### [Try it]
Skip the pictures. Set down, word for word, the lines from the start of the material up to and including the line with "где S - понижение".

◆ ◆ ◆ ◆

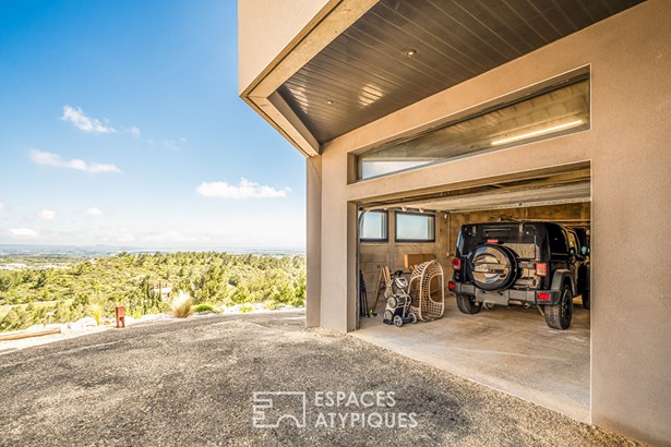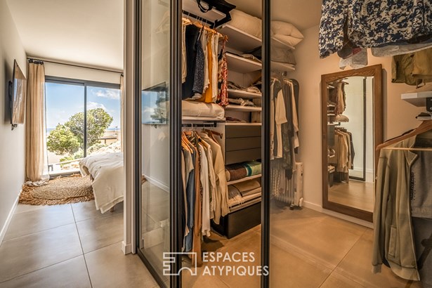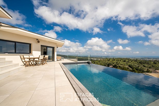 A flight of steps leads up to a vast, east-facing living room of around 70 m2, featuring a top-of-the-range open-plan kitchen. The whole opens onto adjoining terraces and an 8 x 4 metre heated infinity pool. The glass railings, a veritable play on transparency, offer a striking perspective and a breathtaking 180-degree view of the Mediterranean coastline.
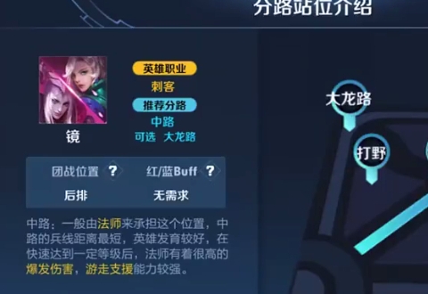 这里我们可以看到,镜这个英雄应该是拥有两种形态的英雄,并且在团队中担任刺客一职。对于红蓝buff没有需求,但是这的确是一个有蓝条的英雄。
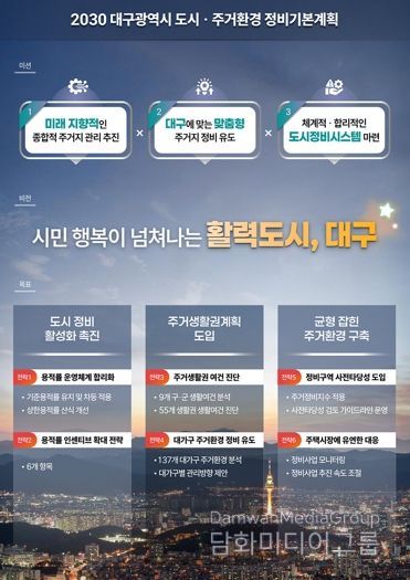 시민행정신문 강갑수 기자 | 대구광역시는 ‘2030 대구 도시·주거환경정비기본계획 변경(안)’을 수립해 도시정비의 미래상과 목표를 설정하고, 이를 실현하기 위한 실천 전략을 제시한다. 본 계획은 주민공람, 시의회 의견청취 등 행정절차를 거쳐 내년 중 확정될 예정이다.
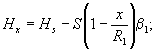 где S - понижение напора воды в дрене; m0 - глубина вскрытия дреной водоносного пласта; T - расстояние от подошвы водоносного пласта до дна дрены; b - ширина дрены; L = R1 + R2. Рис. 90. Схема к расчету длинной прямолинейной горизонтальной дрены, расположенной у кровли напорного пласта, на неодинаковых расстояниях от границ питания и стока. Пьезометрическая кривая в плоскости, нормальной к дрене, строится по формуле С.Ф. Аверьянова: в сторону области питания в сторону области стока где x - абсцисса искомой точки кривой (рис. 90); Hs = T;
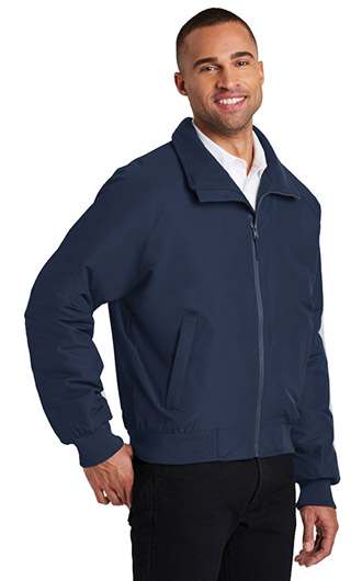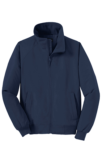 All the hardworking performance of our favorite bomber-style jacket--at an exceptionally good price. The Charger Jacket withstands cold temps with a water-resistant shell, warm heavyweight fleece lining and polyfill insulated sleeves. Dyed-to-match lining and zippers give it a clean, cohesive look. 100% polyester Taslan shell. 9.3-ounce, 100% polyester fleece body lining. 100% polyester heavyweight polyfill sleeve lining . Molded center front zipper. Front zippered slash pockets. Interior pocket. Rib knit cuffs and waistband. Port Pocket for easy embroidery access. Your price includes embroidery on the left chest.
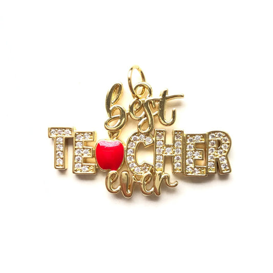 10pcs/lot 33.6*19.5mm CZ Paved Best Teacher Ever Word Charms for Graduation Teacher's Day
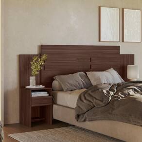 A Cabeceira contém duas mesas de cabeceira com duas prateleiras que são perfeitas para apoiar pequenos objetos como livros, celulares, etc.

◆ ◆ ◆ ◆

### [Result of this exercise]
 A flight of steps leads up to a vast, east-facing living room of around 70 m2, featuring a top-of-the-range open-plan kitchen. The whole opens onto adjoining terraces and an 8 x 4 metre heated infinity pool. The glass railings, a veritable play on transparency, offer a striking perspective and a breathtaking 180-degree view of the Mediterranean coastline.
 这里我们可以看到,镜这个英雄应该是拥有两种形态的英雄,并且在团队中担任刺客一职。对于红蓝buff没有需求,但是这的确是一个有蓝条的英雄。
 시민행정신문 강갑수 기자 | 대구광역시는 ‘2030 대구 도시·주거환경정비기본계획 변경(안)’을 수립해 도시정비의 미래상과 목표를 설정하고, 이를 실현하기 위한 실천 전략을 제시한다. 본 계획은 주민공람, 시의회 의견청취 등 행정절차를 거쳐 내년 중 확정될 예정이다.
 где S - понижение напора воды в дрене; m0 - глубина вскрытия дреной водоносного пласта; T - расстояние от подошвы водоносного пласта до дна дрены; b - ширина дрены; L = R1 + R2. Рис. 90. Схема к расчету длинной прямолинейной горизонтальной дрены, расположенной у кровли напорного пласта, на неодинаковых расстояниях от границ питания и стока. Пьезометрическая кривая в плоскости, нормальной к дрене, строится по формуле С.Ф. Аверьянова: в сторону области питания в сторону области стока где x - абсцисса искомой точки кривой (рис. 90); Hs = T;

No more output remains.